The joint answer filed by defendants admits the fall of the tree upon the automobile, but negligence on the part of Cen-tanni’s workmen is denied; in the alternative, it is alleged that plaintiff was guilty of contributory negligence which consisted 'of his failure to heed warning signals which had been given by one of Cen-tanni’s employees who was stationed in Codifer Boulevard and who “flagged down” plaintiff’s automobile.

Plaintiff recovered a judgment for $2,222.69 below and defendants have taken this appeal, to which plaintiff has made answer praying that the judgment be increased to $6,722.69.

The workmen engaged in clearing the lot never intended and had no idea that the tree would fall out into the traffic roadway on Codifer Boulevard. They were endeavoring to cause the tree to fall toward Homestead Avenue or in a direction paralleling Codifer Boulevard, and they thought they had taken precau[581]*581tions sufficient to bring about that result by placing a winch truck at the comer of Homestead Avenue with a line leading to the trunk of the tree so that as the tree fell the winch would pull the line and the tree toward the truck. The assistance of a bulldozer was also called upon and placed at the base of the tree so that it would be pushed in the direction the workmen desired to have the tree fall. Something unexplained went amiss and the tree fell out into Codifer Boulevard and upon plaintiff’s automobile. One witness said the upper branches covered plaintiff’s car “like a tent.” Plaintiff was trapped in the automobile and parts of the tree had to be cut away to free him.

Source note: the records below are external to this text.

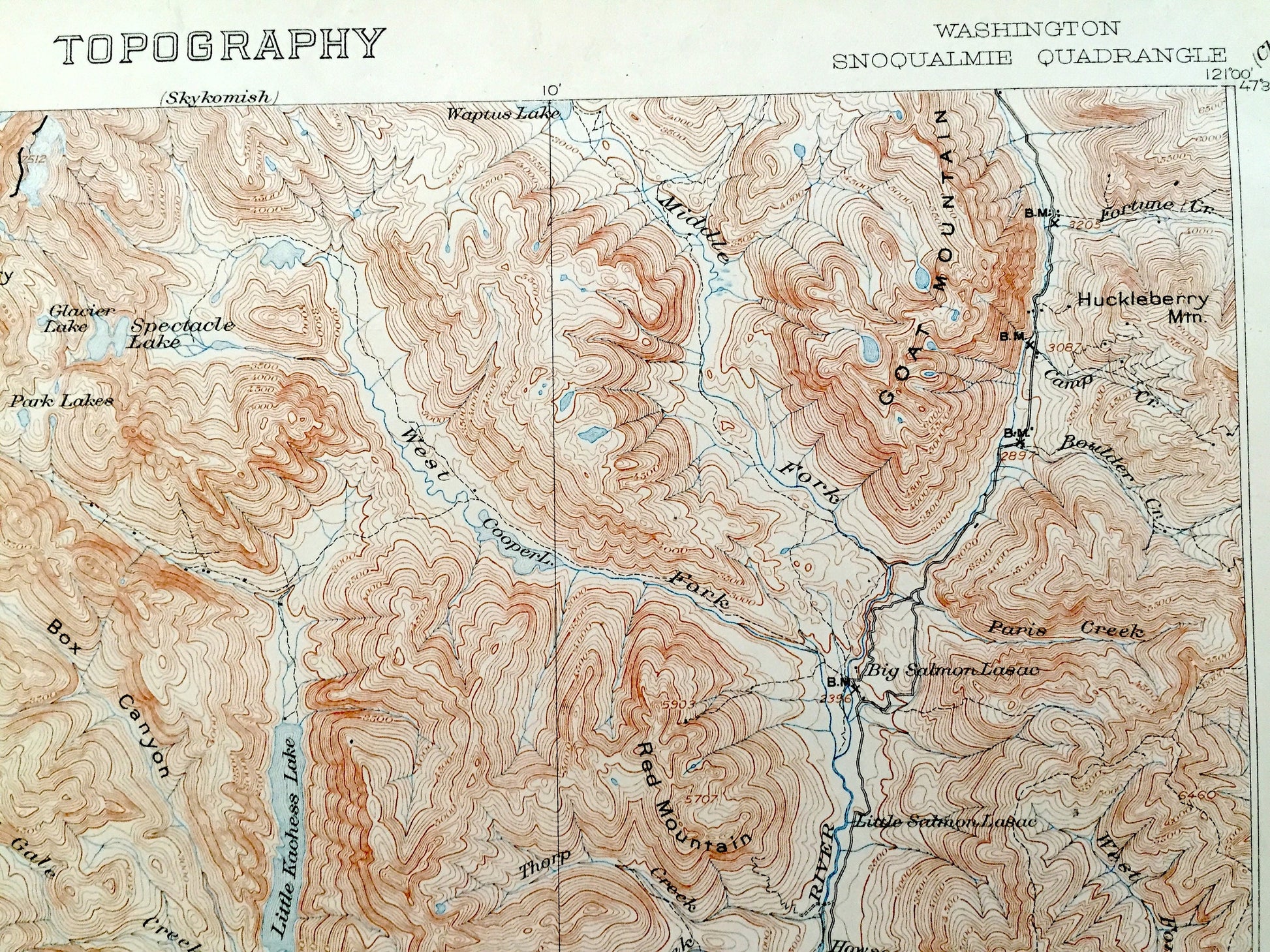 Beautiful, antique map of Snoqualmie, Washington and surrounding King, Pierce, Kittitas & Yakima County area. This is an authentic 1903 edition, 1909 print from the U.S. Geological Survey and is NOT a computer reproduction.
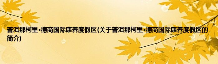 本文关于普洱那柯里·德商国际康养度假区的简介就讲解完毕,希望对大家有所帮助。
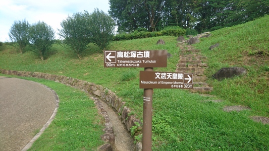 高松塚古墳は左へ 文武天皇陵は右へ |
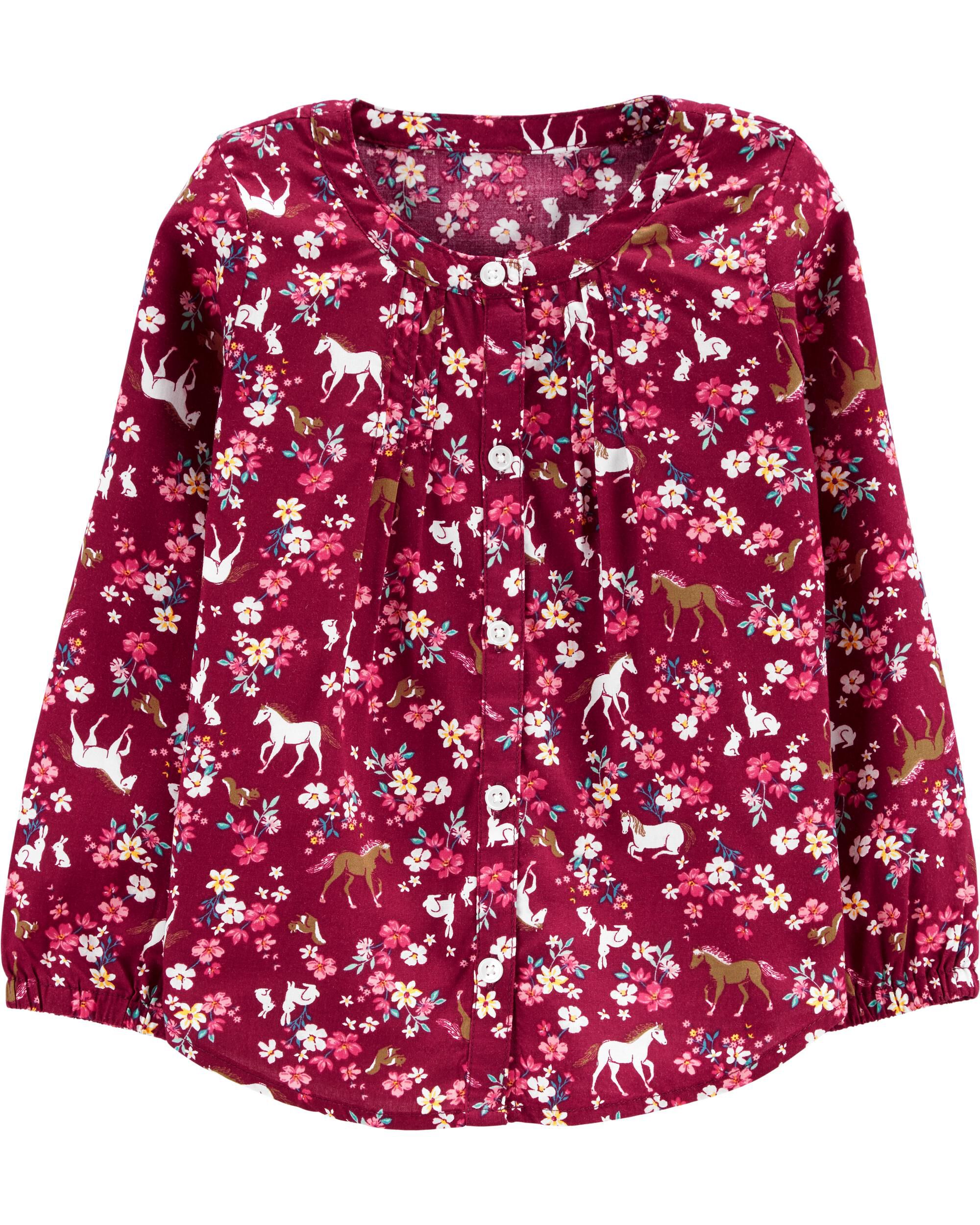$8.09 фришип $35+ *CLEARANCE* Floral Horse Poplin Top

Under these circumstances, it cannot be doubted that Centanni’s agents and servants were guilty of negligence. They well knew that if the tree was caused to fall toward Codifer Boulevard, such would endanger both pedestrians and traffic traveling thereon, hence their attempt to fell the tree in a direction toward Homestead Avenue.

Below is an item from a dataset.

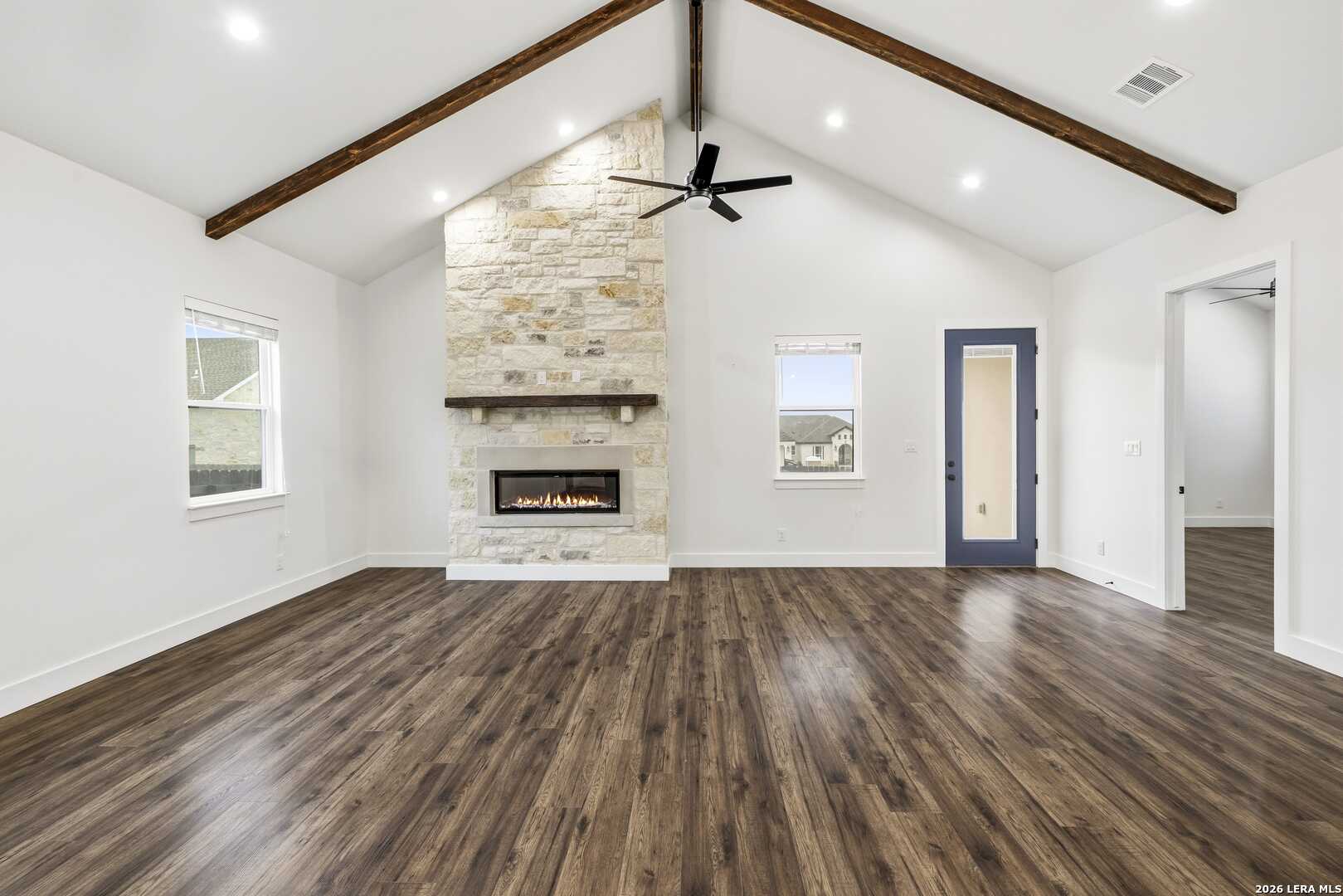 Built in 2023, this home blends modern comfort with timeless style. Vaulted ceilings are accented with rich dark wood beams, creating a warm and inviting atmosphere. High ceilings and 8' doors add air and light to the interior. The open floor plan offers over 1,700 sq. ft. of thoughtfully designed living space and ceiling fans throughout the home provide year-round comfort. Additional upgrades include soft close drawers, custom closets and quartz countertops. The primary suite features a vaulted ceiling, roomy shower, and a generous walk in closet. Outside, a privacy fence provides a secure and serene backyard retreat, perfect for relaxation or entertaining. Located in a quiet neighborhood on the edge of town, you'll enjoy the peace of country-style living just minutes from shops, dining, and other amenities.

We do not believe that Varnall, who ran in the direction of plaintiff’s automobile waving his arms as the tree started its fall, had been stationed on the sidewalk for the purpose of giving warning to persons or traffic on Codifer Boulevard. We are convinced from the evidence that Var-nall, who had been one of the workmen on the lot, only ran toward plaintiff’s automobile in an attempt to give warning when it appeared imminent to him that the fall of the tree would be toward Codifer Boulevard rather than toward Homestead Avenue. Varnall said he was sent into the street to “block” traffic, but we simply cannot accept this statement as being the truth.

The serious question in the case is whether it can be said that Snodgrass, the plaintiff, was guilty of contributory negligence as charged by defendants.

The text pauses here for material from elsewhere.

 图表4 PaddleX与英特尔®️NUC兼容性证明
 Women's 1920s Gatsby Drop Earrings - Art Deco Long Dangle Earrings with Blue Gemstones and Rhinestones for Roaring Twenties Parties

Snodgrass had been driving on Metairie Road in a direction away from New Orleans, and upon reaching Codifer Boulevard made a right-hand turn and then traveled in a direction which genérally can be said to be toward the lake. Codi-fer Boulevard at the point of the accident possesses two characteristics which it would be well to mention here. Codifer Boulevard does not run at right angles to Metairie Road but slants off at a lesser angle so that one turning from Metairie Road is not called upon to execute a 90° turn but enters Codifer Boulevard on a 45° angle. It is manifest that the effect of this is that as soon as a motorist traveling on Metairie Road, as was plaintiff, enters Codifer Boulevard he has a much better view of the right side of Codifer Boulevard than if Codifer Boulevard had to be entered on a 90° turn. The other characteristic is that the block between Metairie Road and Homestead Avenue is not the conventional block of 300 feet but is shorter and measures about 175 feet.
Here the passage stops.